Del artículo 2º, del literal d), que a su vez remite al capítulo II “de la experiencia contable” de esta misma resolución, en cuanto hace al artículo 5º literal d), inciso 3º“en dicho documento se deberá dejar constancia del cumplimiento de las obligaciones tributarias, fiscales y parafiscales a cargo de la persona que certifica”.

Del artículo 2º, del literal d), que a su vez remite al capítulo II “de la experiencia contable” de esta misma resolución, en cuanto hace al artículo 5º literal d), inciso 5º“certificado de afiliación al sistema de seguridad social”.

Del artículo 6º: “(...) y por su revisor fiscal.
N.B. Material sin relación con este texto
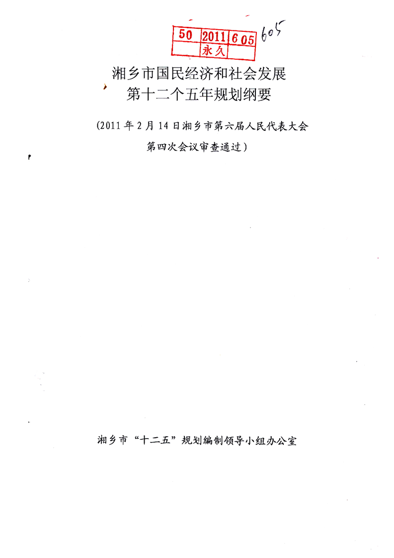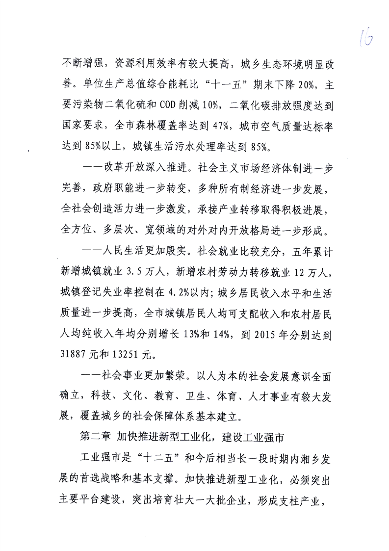 湘鄉市國民經濟和社會發展第十二個五年規劃綱要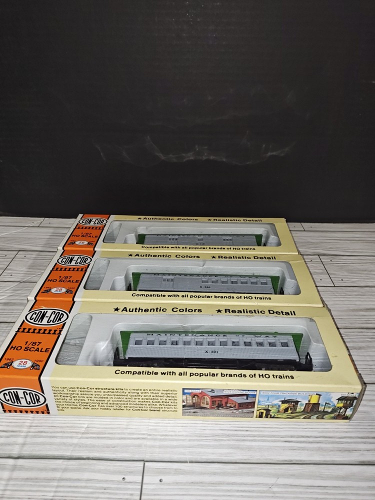 Con-Cor 1/87 HO Scale Maintenance Of Way Train Cars Set Of 3 Collectible Toys. Has some wear from age and storage. See pictures. Sold as is.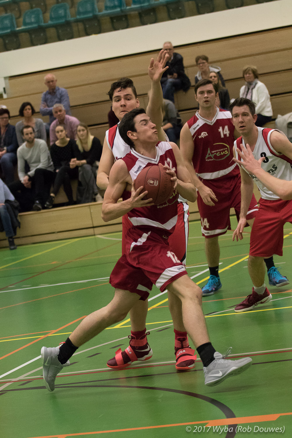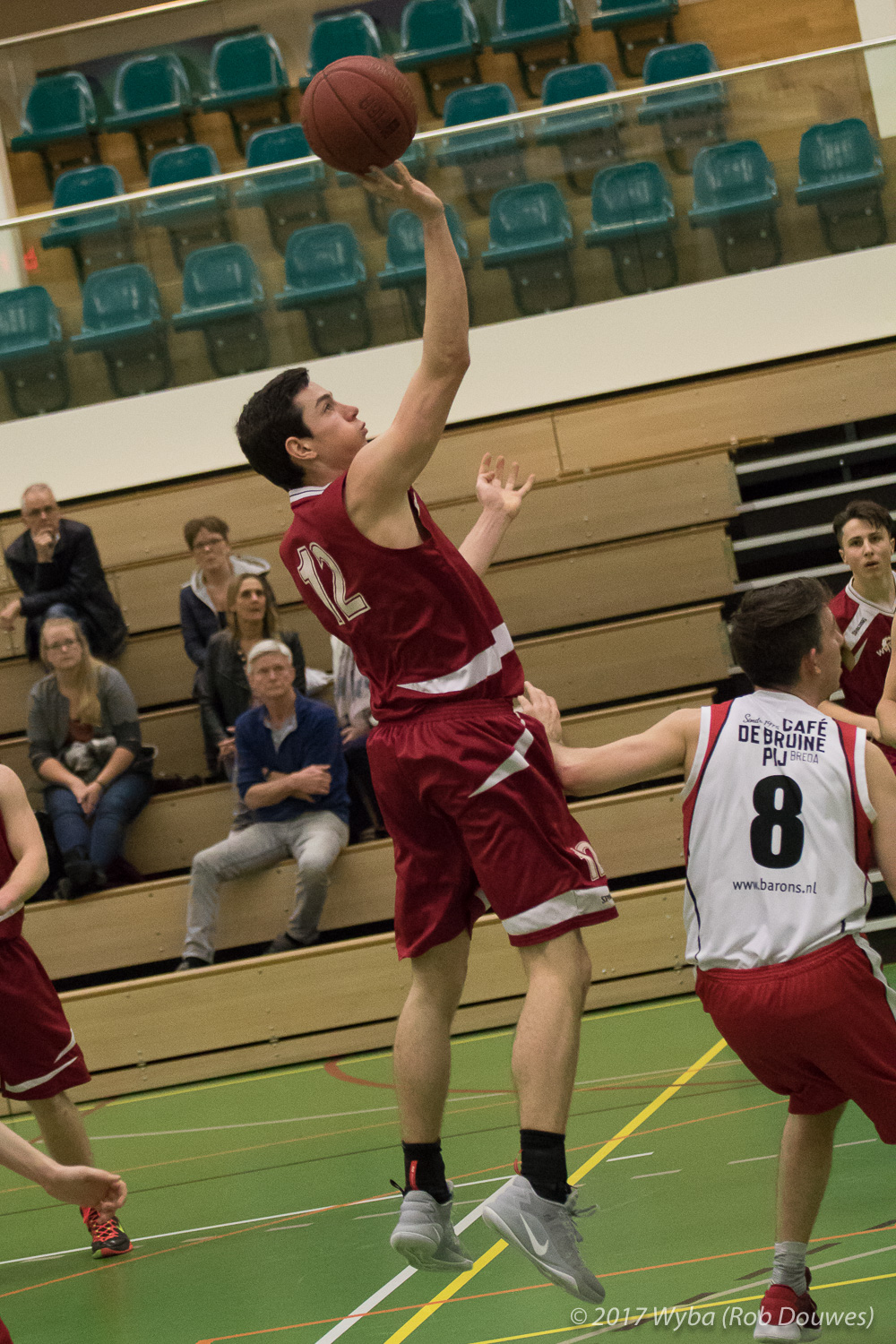In het tweede kwart nemen Stan Bruijstens en Thijs van Beek het team op sleeptouw en loopt Wyba uit naar een 40-24 voorsprong maar vergeet het team bij missers van Barons de verdedigende rebound te pakken en kan Barons door hard werken terugkomen tot 40-30. Wyba blijft als team hard werken en Corstiaan Kan neemt het stokje aanvallend dan weer over en bepaald de ruststand op 48-32. Als Barons na de rust snel starten met een normale score en een driepunter is het verschil minder dan 10 maar Corstiaan Kan en Vincent Bremer schieten ook met scherp en door wat verdedigende stops te behalen kan Wyba weer snel uitlopen naar 61-40. Barons probeert aanvallend nog wat terug te doen maar heeft verdedigend geen antwoord op Wyba die op stoom geraken en met mooi teamplay wordt steeds de vrije man gevonden en vliegen de scores om de oren waardoor het laatste kwart begonnen wordt met een 82-48 voorsprong.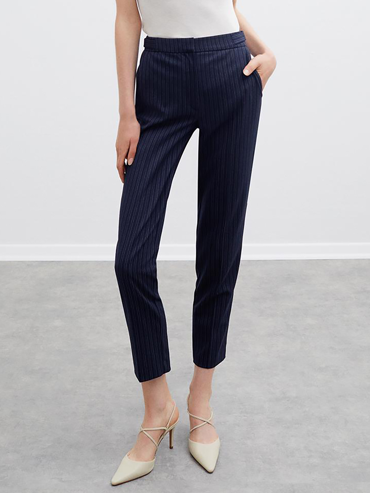 Укороченные брюки насыщенного синего оттенка с контрастной полоской. Высокая посадка, притачной пояс со шлевками, застежка на скрытую молнию. Боковые карманы. Брюки подойдут для создания образа в деловом стиле.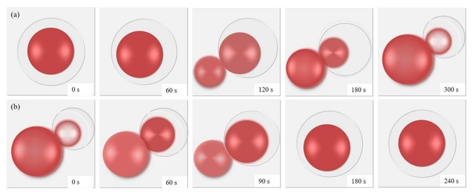 图8.H2组内油相中含有Lumogen Red F300的PNIPAM微胶囊的动态热响应行为示意图。热响应收缩和挤出油核的过程(a),以及热响应膨胀和重新吸收油核的过程(b)。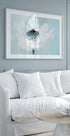O fotografie macro delicată a unei flori albe cu detalii în nuanțe de turcoaz care creează o dispoziție de vis și eterică. Focalizarea fină și culorile pastelate evocă calm și eleganță, făcând lucrarea ideală pentru interioare care caută armonie și frumusețe rafinată.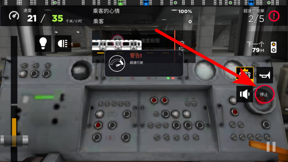 4、到达站点前,点击停止按钮控制地铁减速停靠,完成站点的乘客上下车流程。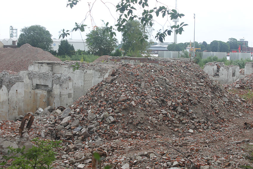 28.05.18: Die Schuttbeseitigungsmaßnahmen sind wieder aufgenommen worden... Nun steht sogar eine Brechmaschine zur Trümmerzerkleinerung auf dem Gelände. Wir berichten hier weiter.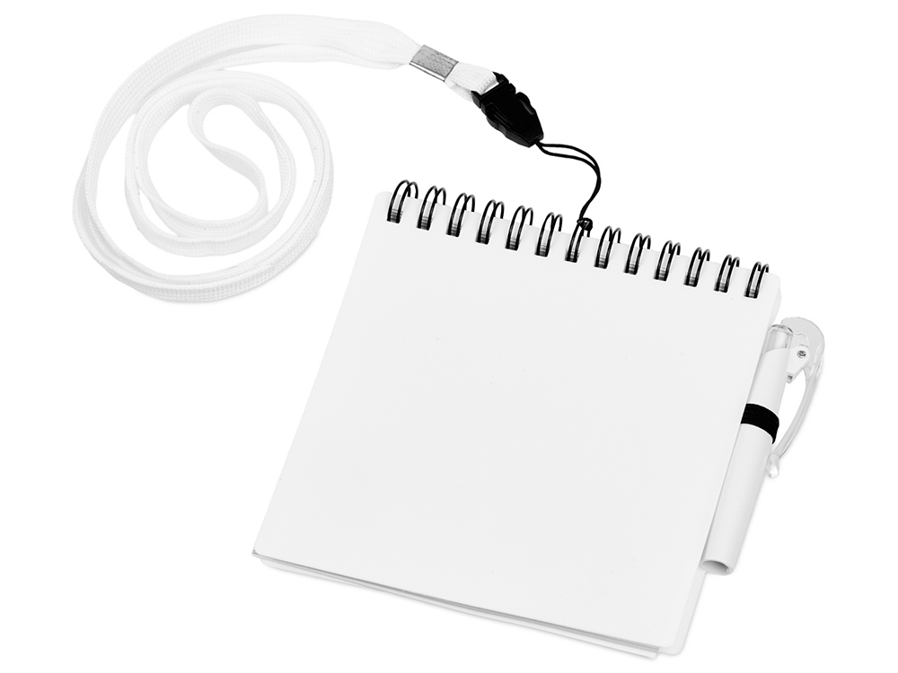 Яркий блокнот с шариковой ручкой можно носить на шее благодаря специальному ремешку (45 см). Отличный промо-сувенир, на обложку которого можно нанести логотип.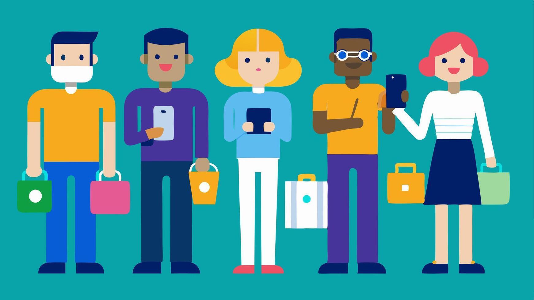 Group of Consumers A crowd of diverse simplified characters holding various items like smartphones and shopping bags with an AI figure analyzing their preferences on a tablet.. Pro Vector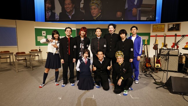 学ランを着用したオカモトショウ(Vo)、オカモトコウキ(G)、ハマ・オカモト(Ba)、オカモトレイジ(Dr)が幕の前に立ち、校歌斉唱からイベントはスタート。部室のセットでは、顧問の先生役の森本晋太郎(トンツカタン)、写真部生徒役の三原勇希、サポートメンバーのBRIAN SHINSEKAI(Key)が合流。その後登場するゲストたちは、「OKAMOTO’Sに足りないもの」についてレクチャーを授けていく、という設定である。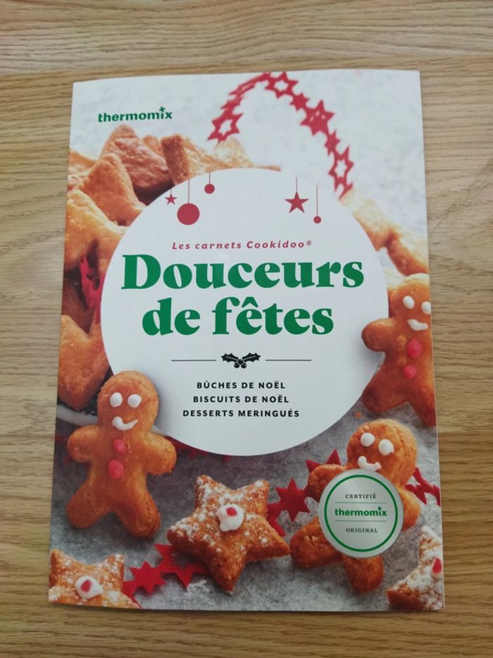 Livre de cuisine THERMOMIX Douceurs de fêtes Les carnets Cookidoo. Neuf non ouvert car je le possède en double. Pour préparer bûches et biscuits de Noël ainsi que des desserts meringués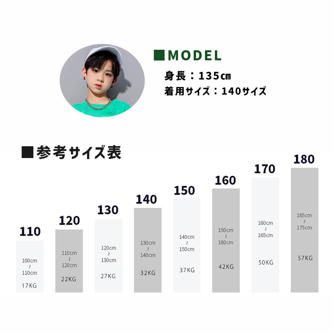 • 144cm/30kg 細身の娘に。160cmの上下セットを購入。ダボッと着たかったので上はイメージ通り、パンツは裾のドローコードで絞らなければ踏むくらいのサイズ感でした。コードが長くて、絞った後結ばないと危ない気がして切りました。  パンツの生地はしっかりめなので、洗濯後は少しシワが気になりました。Tシャツが当たるウエスト部分が少しピンクに色移りしたので、洗濯の時は気をつけたほうがいいです。
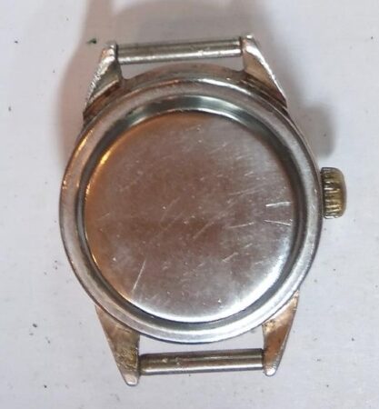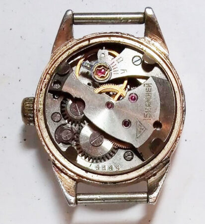 Mentions sur le calibre : N° de série (58761) sur un pont, 15 камней et logo de la fabrique de Penza (initiales ПЧЗ inscrites dans un triangle sur sa pointe) sur un autre.

En las entidades que por ley o estatutos no se contemple la obligación de tener revisor fiscal, la firma de éste se reemplazará por la del contador público que dé fe de los actos y hechos económicos del ente, quien deberá indicar su número de registro de inscripción profesional en los términos de la presente resolución”.

3. DECLÁRASE LA NULIDAD del artículo 8º de la Resolución 60 de junio 8 de 1999, expedida por la junta central de contadores “por medio de la cual se dictan disposiciones sobre los requisitos y el procedimiento para la inscripción de profesionales de contaduría pública”.

4. DECLÁRASE LA NULIDAD de la Resolución 145 de diciembre 10 de 1998, expedida por la junta central de contadores “por la cual se establece el procedimiento para la práctica de pruebas de comprobación establecidas en el Decreto 1510 de 1998”.

5. DENIÉGANSE las demás pretensiones de la demanda.

6. DEVUÉLVASE al actor la suma depositada por concepto de gastos ordinarios de proceso, por no haberse utilizado.

Cópiese, notifíquese y cúmplase.

La anterior providencia fue discutida y aprobada en Sala en su sesión de fecha tres (3) de agosto del año dos mil (2000).

ACLARACIÓN DE VOTO

Mi discrepancia con la decisión de mayoría radica en que, a mi juicio, la Sala ha debido tener en cuenta que la Ley 43 de 1990 sólo le exige al peticionario de la inscripción como contador público que acredite su experiencia en actividades contables durante el período no inferior a un año, y de dicha exigencia no se infiere que deba demostrar la existencia y representación legal de la persona jurídica que certifica dicha experiencia.

Al no esta implícita en la ley tal exigencia, no podía la resolución acusada requerirla, pues, no solo excedería el espíritu de la misma, sino que estaría quebrantando el artículo 84 de la Carta Política, que le prohíbe a las autoridades públicas establecer requisitos adicionales frente a una actividad que, como la de contador público, ha sido reglamentada de manera general.